Employees are subjected to quarterly performance review and required to rank between 1 and 5.  Those who do not make the ratings are fired. These have been routinely used by the company to fire hundreds of employees, ever since its introduction. The policy came into effect with Mayer’s induction as CEO.

Anderson is now questioning the rating system used to fire employees at Yahoo! Inc. (NASDAQ:YHOO).

Ratings-biased

His lawsuit comes on the back of proposed job cuts that the CEO is hoping to make and thereby leverage her way back with activist shareholders who are demanding ‘structural changes.’

Anderson claims the rating system is discriminatory and violates federal as well as Californian laws on mass layoffs.

As editor at Yahoo, Anderson had overseen sites of Yahoo! Inc. (NASDAQ:YHOO) for homes, shopping, autos, small business as well as travel in California. He claimed that manipulative senior managers had tampered with the rating system to mark employees as low-performers and thereby fire them enmasse. This was done to manage financial goals of the company, Anderson alleged.

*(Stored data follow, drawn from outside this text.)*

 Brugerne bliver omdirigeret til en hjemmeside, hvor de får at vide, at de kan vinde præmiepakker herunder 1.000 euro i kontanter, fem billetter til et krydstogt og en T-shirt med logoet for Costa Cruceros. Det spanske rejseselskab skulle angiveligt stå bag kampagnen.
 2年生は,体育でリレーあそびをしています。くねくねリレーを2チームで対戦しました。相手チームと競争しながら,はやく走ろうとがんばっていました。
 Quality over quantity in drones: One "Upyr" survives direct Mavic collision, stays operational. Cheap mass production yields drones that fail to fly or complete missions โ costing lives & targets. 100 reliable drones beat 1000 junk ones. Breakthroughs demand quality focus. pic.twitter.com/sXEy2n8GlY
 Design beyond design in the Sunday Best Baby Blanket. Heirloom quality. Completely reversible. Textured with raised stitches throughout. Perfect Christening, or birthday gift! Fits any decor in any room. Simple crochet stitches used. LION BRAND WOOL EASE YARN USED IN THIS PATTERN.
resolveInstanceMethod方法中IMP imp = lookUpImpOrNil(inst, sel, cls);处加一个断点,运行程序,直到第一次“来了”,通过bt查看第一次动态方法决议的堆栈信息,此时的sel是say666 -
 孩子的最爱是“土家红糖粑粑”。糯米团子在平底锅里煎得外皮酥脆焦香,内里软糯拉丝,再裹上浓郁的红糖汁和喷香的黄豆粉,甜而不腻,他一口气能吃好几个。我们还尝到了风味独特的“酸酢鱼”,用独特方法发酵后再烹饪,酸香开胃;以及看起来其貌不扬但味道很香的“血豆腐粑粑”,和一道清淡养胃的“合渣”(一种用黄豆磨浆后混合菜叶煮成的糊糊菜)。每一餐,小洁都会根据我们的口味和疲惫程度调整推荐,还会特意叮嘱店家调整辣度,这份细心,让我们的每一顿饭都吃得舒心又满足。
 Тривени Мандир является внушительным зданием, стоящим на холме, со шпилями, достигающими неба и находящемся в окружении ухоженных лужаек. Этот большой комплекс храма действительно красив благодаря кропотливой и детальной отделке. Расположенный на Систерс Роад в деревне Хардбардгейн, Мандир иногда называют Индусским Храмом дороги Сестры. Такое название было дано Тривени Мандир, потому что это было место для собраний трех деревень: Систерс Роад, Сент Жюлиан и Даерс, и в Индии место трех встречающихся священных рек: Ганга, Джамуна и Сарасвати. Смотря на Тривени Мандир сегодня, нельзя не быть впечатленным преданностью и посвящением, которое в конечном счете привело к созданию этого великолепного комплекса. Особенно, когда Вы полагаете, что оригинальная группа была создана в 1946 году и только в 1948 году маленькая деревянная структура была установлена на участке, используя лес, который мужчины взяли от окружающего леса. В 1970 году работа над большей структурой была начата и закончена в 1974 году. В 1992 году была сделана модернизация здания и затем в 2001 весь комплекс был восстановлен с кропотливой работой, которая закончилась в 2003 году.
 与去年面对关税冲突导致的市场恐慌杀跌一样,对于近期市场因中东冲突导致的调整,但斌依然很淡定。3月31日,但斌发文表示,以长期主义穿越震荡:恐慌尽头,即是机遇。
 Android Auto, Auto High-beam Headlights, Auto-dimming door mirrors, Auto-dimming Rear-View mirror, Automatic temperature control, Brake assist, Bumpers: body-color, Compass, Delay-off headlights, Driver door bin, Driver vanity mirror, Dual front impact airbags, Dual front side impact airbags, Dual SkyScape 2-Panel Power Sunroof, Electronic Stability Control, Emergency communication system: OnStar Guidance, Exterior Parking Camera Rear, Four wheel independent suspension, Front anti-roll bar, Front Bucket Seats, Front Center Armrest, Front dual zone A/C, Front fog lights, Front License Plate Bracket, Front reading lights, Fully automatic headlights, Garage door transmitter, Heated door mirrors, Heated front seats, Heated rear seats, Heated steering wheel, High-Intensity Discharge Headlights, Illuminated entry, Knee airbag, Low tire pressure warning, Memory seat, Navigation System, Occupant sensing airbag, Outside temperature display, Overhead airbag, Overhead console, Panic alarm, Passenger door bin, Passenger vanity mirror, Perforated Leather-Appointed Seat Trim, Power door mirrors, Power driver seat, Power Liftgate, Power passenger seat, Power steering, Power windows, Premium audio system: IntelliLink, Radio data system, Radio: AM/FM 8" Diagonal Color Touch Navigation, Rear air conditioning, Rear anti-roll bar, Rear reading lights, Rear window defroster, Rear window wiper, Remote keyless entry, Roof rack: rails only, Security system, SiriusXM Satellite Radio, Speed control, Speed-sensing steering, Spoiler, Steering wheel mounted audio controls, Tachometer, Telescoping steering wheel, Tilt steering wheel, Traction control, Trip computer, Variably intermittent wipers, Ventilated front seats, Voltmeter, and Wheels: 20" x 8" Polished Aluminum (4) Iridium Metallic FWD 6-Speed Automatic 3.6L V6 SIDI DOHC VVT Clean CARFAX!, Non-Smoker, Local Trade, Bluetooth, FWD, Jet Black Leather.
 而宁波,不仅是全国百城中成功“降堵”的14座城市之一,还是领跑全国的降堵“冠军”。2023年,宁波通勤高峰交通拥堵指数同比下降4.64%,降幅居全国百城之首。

Mass firing without notices

At the time of his firing, 600 other Yahoo employees considered low-performers were terminated. Anderson’s claims the mass firing is illegal.

According to Californian laws, firing of over 50 employees at a single unit in a span of 30 days has to be substantiated with advance notice of sixty days. Similarly Yahoo! Inc. (NASDAQ:YHOO) violated similar federal laws, such as Worker Adjustment and Retraining Notification Act during the layoff of 500 and more employees. Apparently, Yahoo had not issued any such notices but went on to fire over 1,100 employees in late 2014 and early 2015 claiming low-performance. Yahoo is currently under investigation for such violation, Anderson’s lawyers said.